TL;DR: Preseason is an open-source benchmark that monitors which tools LLMs recommend across a panel of vibe-coding prompts, letting you see real-world AI tooling trends as they evolve.

Source and Accuracy Notes

What Is Preseason?

Preseason fills a gap that vibe-coding enthusiasts and AI tooling researchers have felt for a while: which tools are LLMs actually recommending in practice, not just which ones are popular on GitHub or Hacker News?

The platform runs a frozen panel of vibe-coding prompts — ranging from beginner-friendly tasks to expert-engineer complexity — and tracks what tools models like GPT-4o, Claude, Gemini, and others suggest. It is not a static survey. The rankings update as models evolve and new tools enter the ecosystem.

Key differentiators:

  • Real LLM behavior, not self-reported preferences — Preseason observes what models actually output when given a prompt
  • Skill-level stratification — beginner, intermediate, and expert prompts are evaluated separately
  • Open-source — benchmarks and methodology are publicly available

Setup Workflow

Preseason is a web-based benchmark. No installation required.

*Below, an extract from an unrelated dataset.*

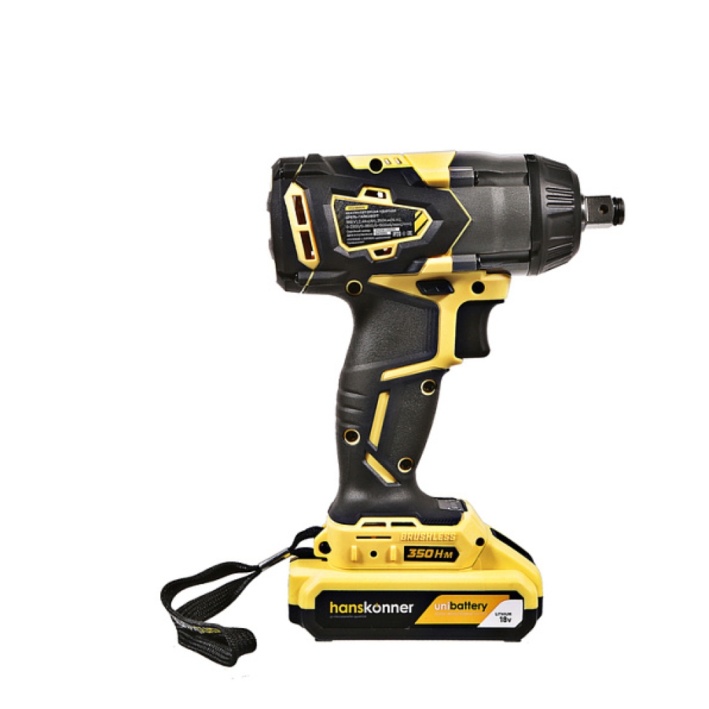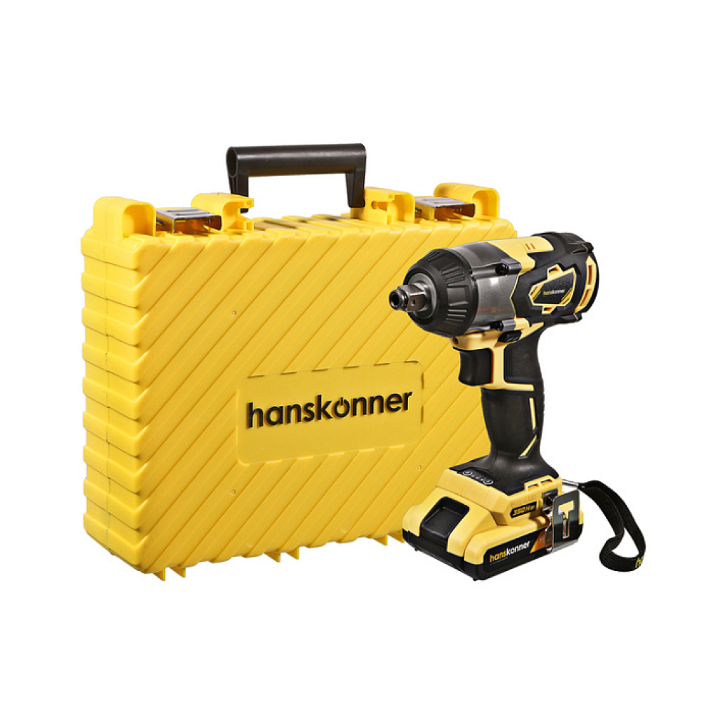 Hanskonner HCD18350S Unibattery – аккумуляторный 18 В ударный гайковерт с наружным квадратом 1/2″ и возможностью установки оснастки под шестигранник 1/4″ – относится к линейке Unibattery, обеспечивающей совместимость одного и того же аккумулятора с целым рядом наименований инструмента. Модель обладает максимально сбалансированной компоновкой: небольшие размеры корпуса и рукояти позволяют эффективное использование в условиях с затрудненным доступом, а нейтральный центр тяжести, и обилие прорезиненных противоскользящих поверхностей способствуют надежному хвату, и лучшему контролю. Гайковерт оснащен 18 В бесщеточным двигателем, характеризующимся на 30% лучшей производительностью в сравнении с коллекторными аналогами. Кроме того, бесщеточный двигатель отлично справляется с кратковременными перегрузками и не склонен к перегреву. Hanskonner HCD18350S имеет три режима настройки крутящего момента – пользователь выбирает нужный, исходя из поставленных задач. К особенностям модели стоит отнести электронный тормоз двигателя, а также индикатор остаточного заряда аккумулятора PowerCheck. Дополнительному комфорту использования способствует специальная зацепная скоба крепления на пояс и накидной ремешок на руку. Гайковерт штатно комплектуется парой литий-ионных (Li-ion) аккумуляторов емкостью 2.4 А ч, импульсным зарядным устройством. Прочный пластиковый кейс гарантирует сохранность устройства и аксессуаров в процессе транспортировки.

Step 1: Browse the Benchmark

Visit https://www.preseason.ai and explore the current rankings. Each tool shows:

  • Recommendation frequency across the prompt panel
  • Performance breakdown by skill level
  • Trend lines over recent model updates

Step 2: Filter by Prompt Type

Use the category filters to narrow results to your use case:

  • Fitness tracking app
  • Social media platform
  • AI Revenue Ops copilot
  • Online learning platform
  • And more

Step 3: Submit a New Prompt

If your tool or use case is not covered, submit a prompt through the site to expand the benchmark panel.

Deeper Analysis

How the Benchmark Works

Preseason maintains a set of “frozen” prompts — fixed prompts that do not change between runs. When a new model version or tool update is evaluated, the same prompts are used, ensuring fair comparisons.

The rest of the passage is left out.